You are right, correlation between ICA components does not make sense because independence implies zero correlation. Although connectivity between ICA components is theoretically possible, you will likely get distorted results. This is why we recommend MVARICA in the paper. (I have to add that I don't know how much distortion to expect in practice, and if it is even enough to be relevant; to my knowledge nobody has yet attempted to quantify that.)

It seems conceivable to use MVARICA as a "better ICA" for connectivity analysis - if the connectivity is based on vector autoregression. If you try to use more general models (non-linear, non-parametric, or just autoregression with higher order) on MVARICA components, I expect results will be distorted again.
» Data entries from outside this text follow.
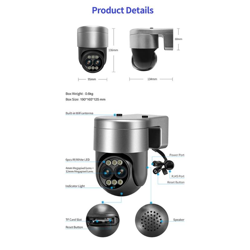 En vejrforseglet enhed scanner en hel parkeringsplads, zoomer tæt på nummerplader og taler tilbage til besøgende. Et bredt 4 MP-objektiv bevarer det store billede, mens et andet 4 MP-zoommodul leverer knivskarpe detaljer med op til 8 x forstørrelse - alt sammen streamet direkte til din telefon i realtid.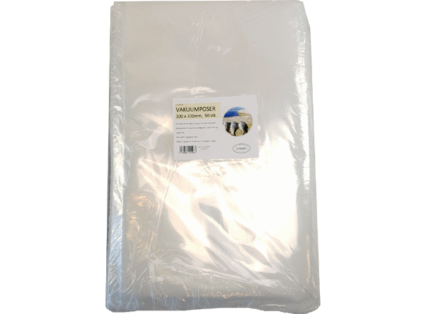 Vakuumpose som passer de fleste vakuumpakkere på markedet. Egnet for vakuumering av pålegg, ost, mindre stykker av kjøtt, fugl og fisk etc.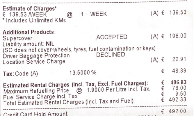 아래는 렌탈 영수증. 영수증에 찍혀있는 총 금액은 Estimated charge 즉, 예상금액이다. 예상금액이라 적힌 이유는 우선 차량 렌트+보험+연료 보증금의 합계라서, 나중에 우리가 반납할때 남은 연료만큼의 금액을 저 예상금액에서 차감 후 최종적으로 결제가 이뤄지는 방식이기 때문이다. 즉 반납할때 남은 연료의 양이 0이라면 저 금액을 다 내게 된다는 것이고 100%인 상태에서 반납하면 Fuel deposit 부분이 모두 반납된다는 말.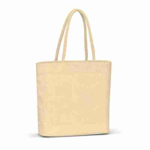 High fashion laminated natural jute tote bag with padded cotton handles.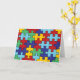 Diese Gegenstände sind mit einem farbenfrohen Puzzleteil-Muster bedruckt, das das Autismus-Bewusstsein symbolisiert.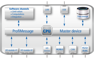 ProfiSignal software offers a diverse range of field bus interfaces. A master device is equipped with two PROFIBUS DP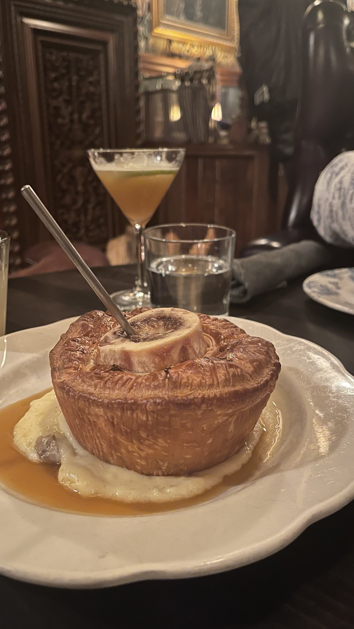 I was set on getting the burger, but upon being told they were British Indian fare and that’s what they excelled at, I was swayed. The samosas also sounded good as did their fish and chips and potpies. It was so hard. They also have really good cocktails. Katie and I each got a cocktail (I got the penicillin). Then we decided it might be in our best interest to split our entrees. She chose the spiced lamb potpie (with bone marrow in the middle – great to eat with the crust). I got the burger (it’s a smash burger).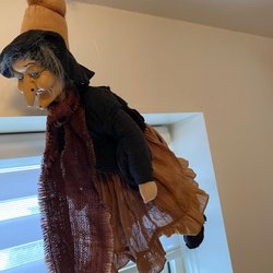 Häxdocka med grått hår, blå hatt och klänning med rött och vitt mönster. Dockan håller i en kvast.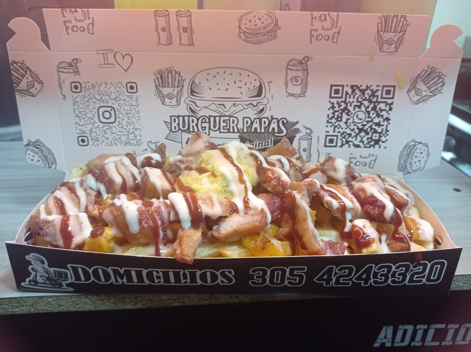 Base de papas a la francesas crujientes de 300gr, trozos de chicharrón frito, maduritos picados frito, guacamole y salsas al gusto.

Transfer entropy is non-parametric, right? You might get distorted/biased/wrong results when applied to ICA or MVARICA components.

All that said, you can get the time series components. Although there is no function to do so out of the box, it's just a dot product of the transposed unmixing matrix and the original time series: dot(unmixing.T, data)

NinaOmejc commented 6 months ago

Okay, great, thank you for this clarification! I see more clearly now that using nonlinear methods after data has been already transformed to fit the linear model (such as mvar) might affect the results. It might be interesting to check the influence on the simulated data. Thank you again, i think i can close this issue.